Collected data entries
----
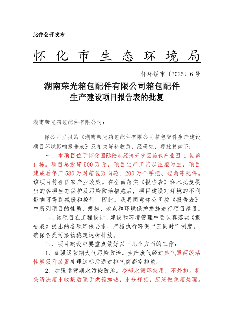 湖南荣光箱包配件有限公司箱包配件生产建设项目报告表的批复
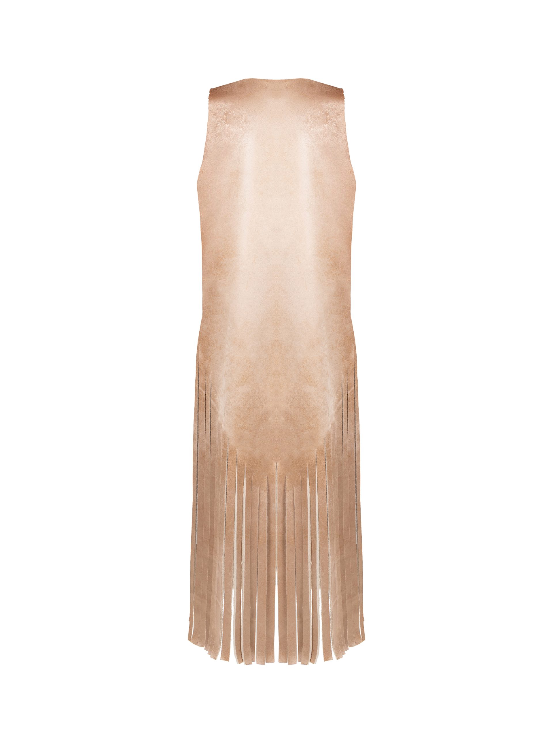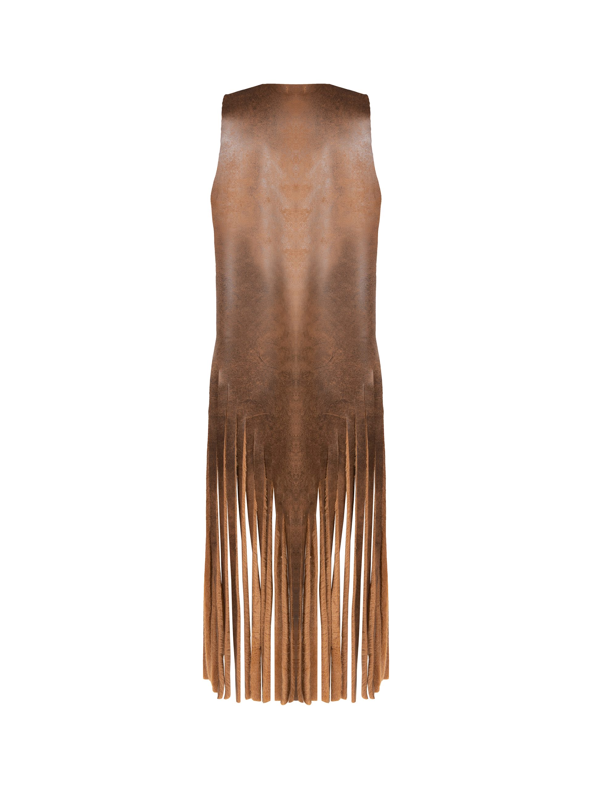 Gilet Lungo Smanicato in Montone Ecologico con Frange con decorazioni artigianali e strass
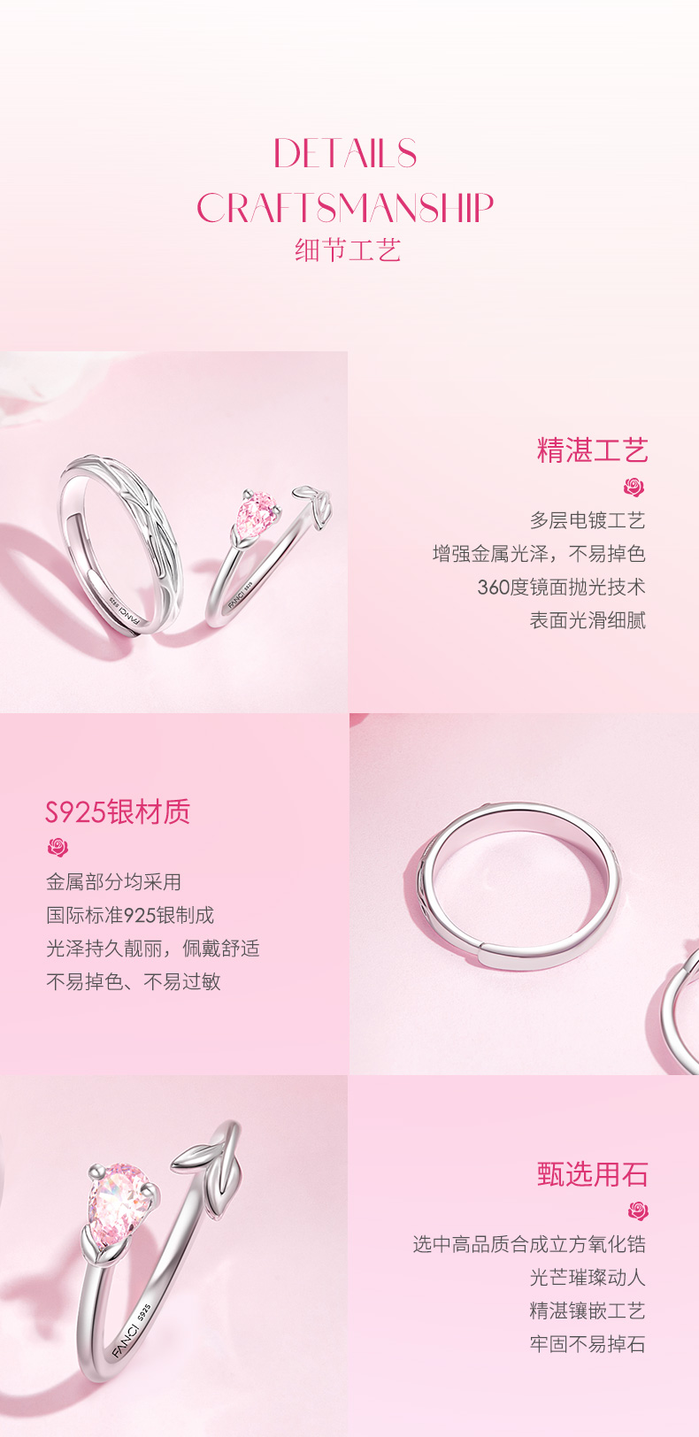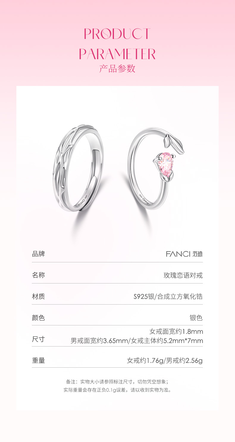 【玫瑰恋语对戒】Fanci范琦银饰轻奢情侣对戒 下单赠精美礼盒 顺丰空运+运费险
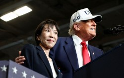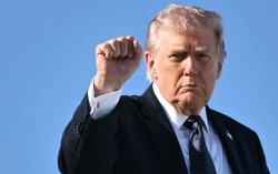 도널드 트럼프 미국 대통령이 1일(현지시간) 플로리다주 팜비치 국제공항을 떠나 워싱턴 DC 백악관으로 돌아가는 길에 대통령 전용기에 오르며 취재진을 향해 주먹 인사를 하고 있다. AFP=연합뉴스 도널드 트럼프 미국 대통령은 1일(현지시간) ‘장대한 분노 …
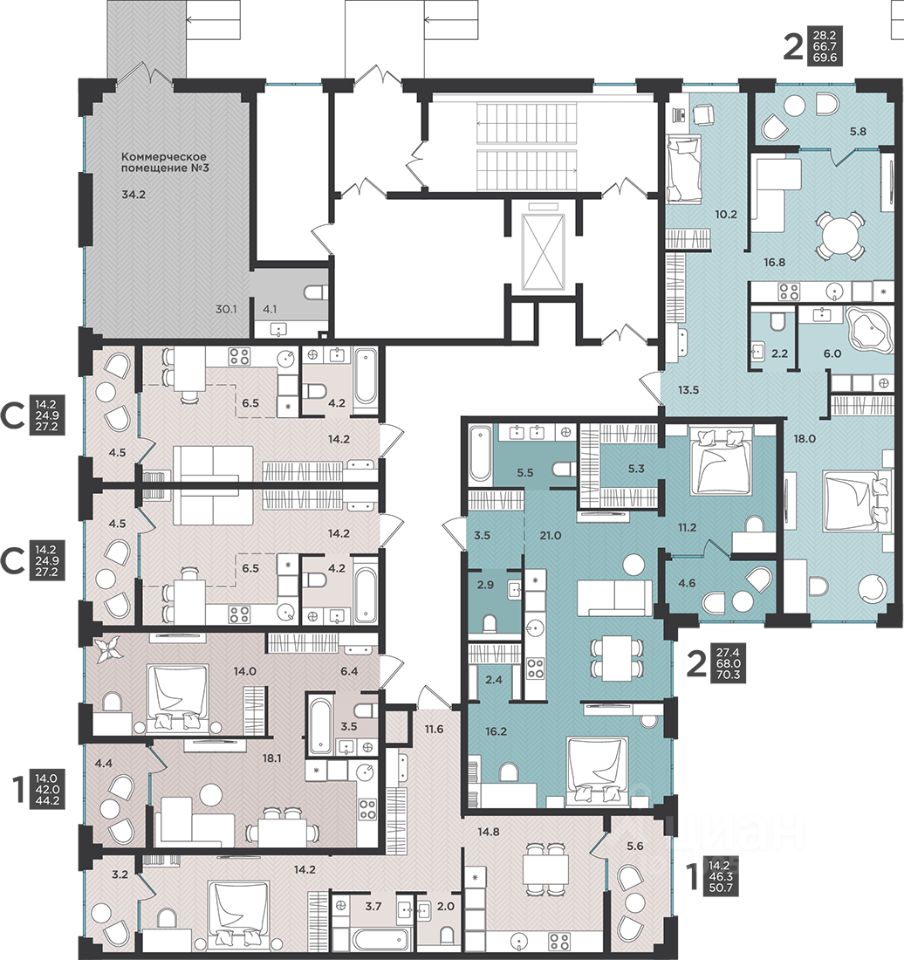 34 м² · Этаж 9 из 12
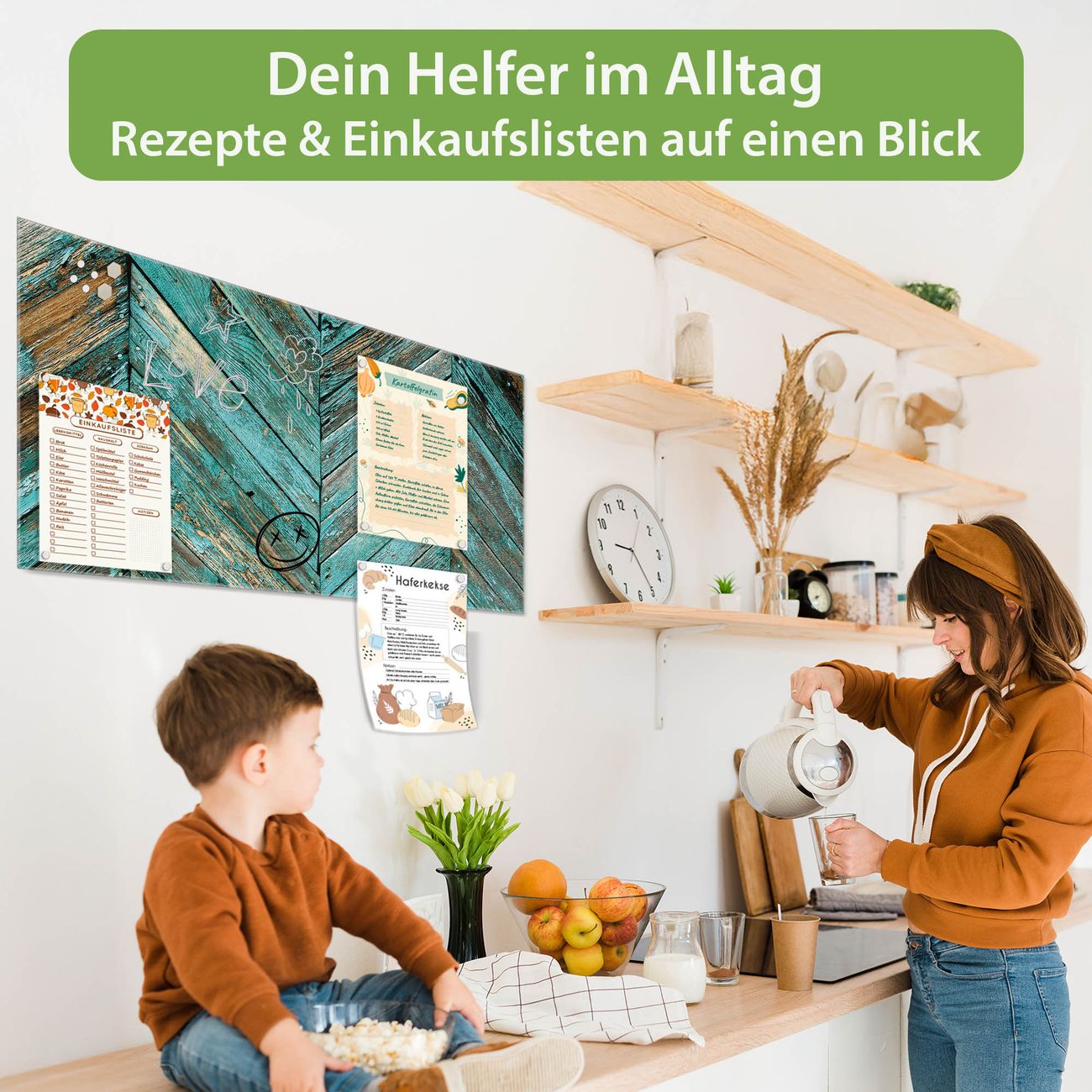 Ein Stück Design, das Ihren Alltag organisiert. Schreiben, heften, inspirieren - alles an einem Ort. Qualität, die man spürt. Montage leicht gemacht. Handwerk mit Herz - veredelt in Sachsen. Einzigartiges Design mit Motiv Motiv Altes Holz Blau Beschreibbare Glasoberfläche, leicht zu reinigen Starke Magnetkraft durch Stahlrückwand Inklusive 4 Neodym-Magneten Flexible Montageoptionen Handveredelt in Sachsen - Qualität, die bleibt
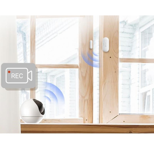 Integrujte senzor T2C s kamerami EZVIZ, a zajistěte tak lepší ochranu – vše prostřednictvím aplikace EZVIZ. Propojenou kameru můžete nastavit tak, aby spustila automatické nahrávání po dobu 5 sekund, kdykoli se otevřou dveře.
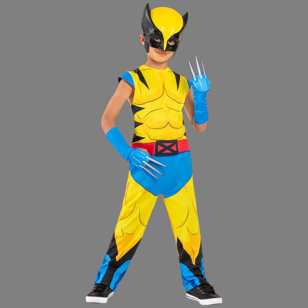Costume Wolverine bambino con tuta stampata, guanti con artigli e maschera. Perfetto per carnevale e feste a tema Marvel.
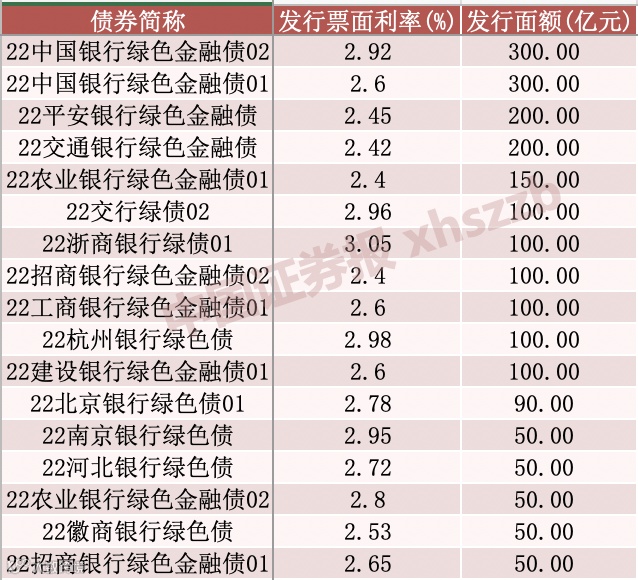 其中,发行规模最大的是中国银行发行的“22中国银行绿色金融债02”以及“22中国银行绿色金融债01”,发行面额分别为300亿元。“22平安银行绿色金融债”以及“22交通银行绿色金融债”发行面额也均达到200亿元,位居前列。
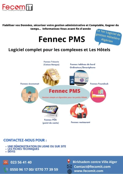 Promo moins de 5% sur tous nos logiciels. Fennec PMS est un système qui permet de gérer toutes les taches techniques et administratives de votre Hôtel, il fonctionne en full Web, avec une
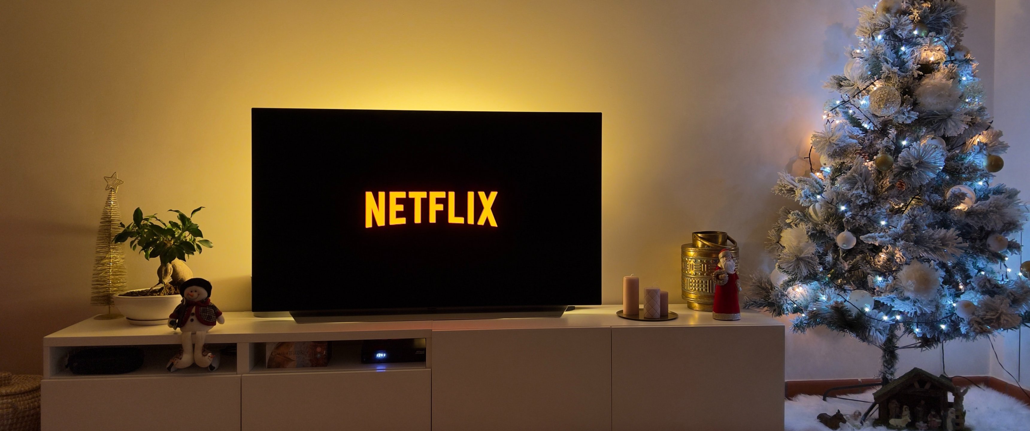 Обои: нетфликс, елка, домашний уют, дом, вечер - 3440x1440
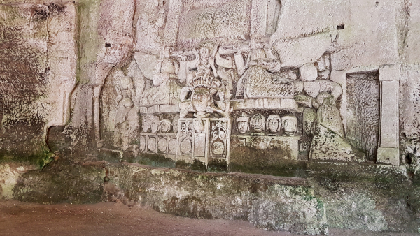 Einst war diese große Höhle ein Ort heidnischer Anbetung, doch mit Ankunft des Christentums – noch lang vor der Gründung der Abtei – in eine christliche umgewandelt. Das untere Bild zeigt das Jüngste Gericht – eine ziemlich gruselige Darstellung..
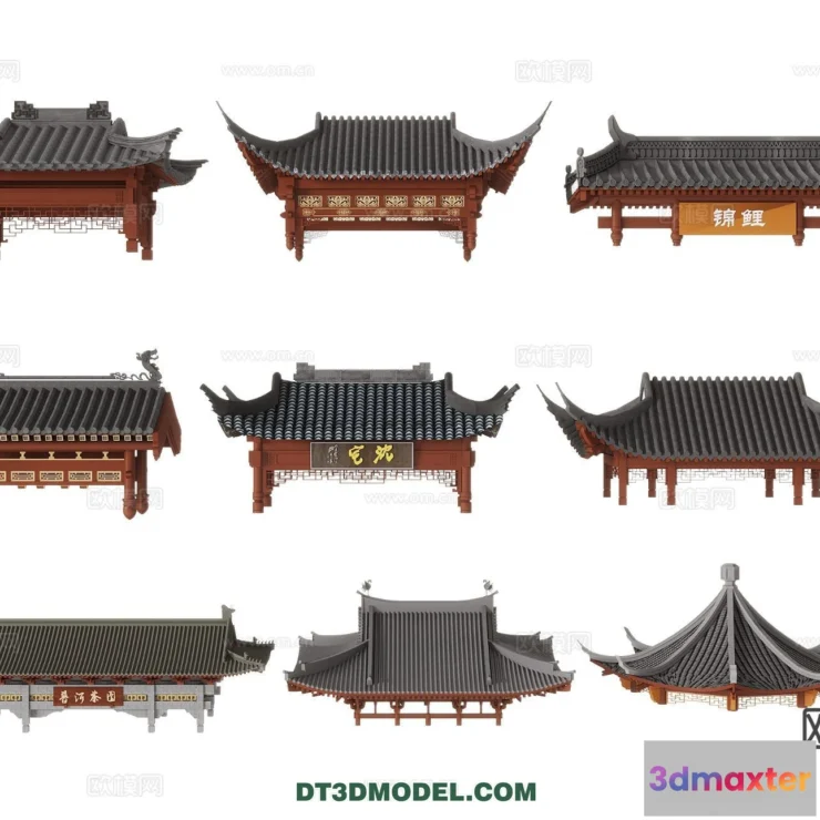 3D Models / Materials / Roof Tile / Tile Roof 3D Models – Chinese Style – 056 3D Max
----
Would you copy out, exactly and with no pictures, only the lines above from the one that contains "Costume Wolverine bambino" through the one that contains "Promo moins de"?

Costume Wolverine bambino con tuta stampata, guanti con artigli e maschera. Perfetto per carnevale e feste a tema Marvel.
 其中,发行规模最大的是中国银行发行的“22中国银行绿色金融债02”以及“22中国银行绿色金融债01”,发行面额分别为300亿元。“22平安银行绿色金融债”以及“22交通银行绿色金融债”发行面额也均达到200亿元,位居前列。
 Promo moins de 5% sur tous nos logiciels. Fennec PMS est un système qui permet de gérer toutes les taches techniques et administratives de votre Hôtel, il fonctionne en full Web, avec une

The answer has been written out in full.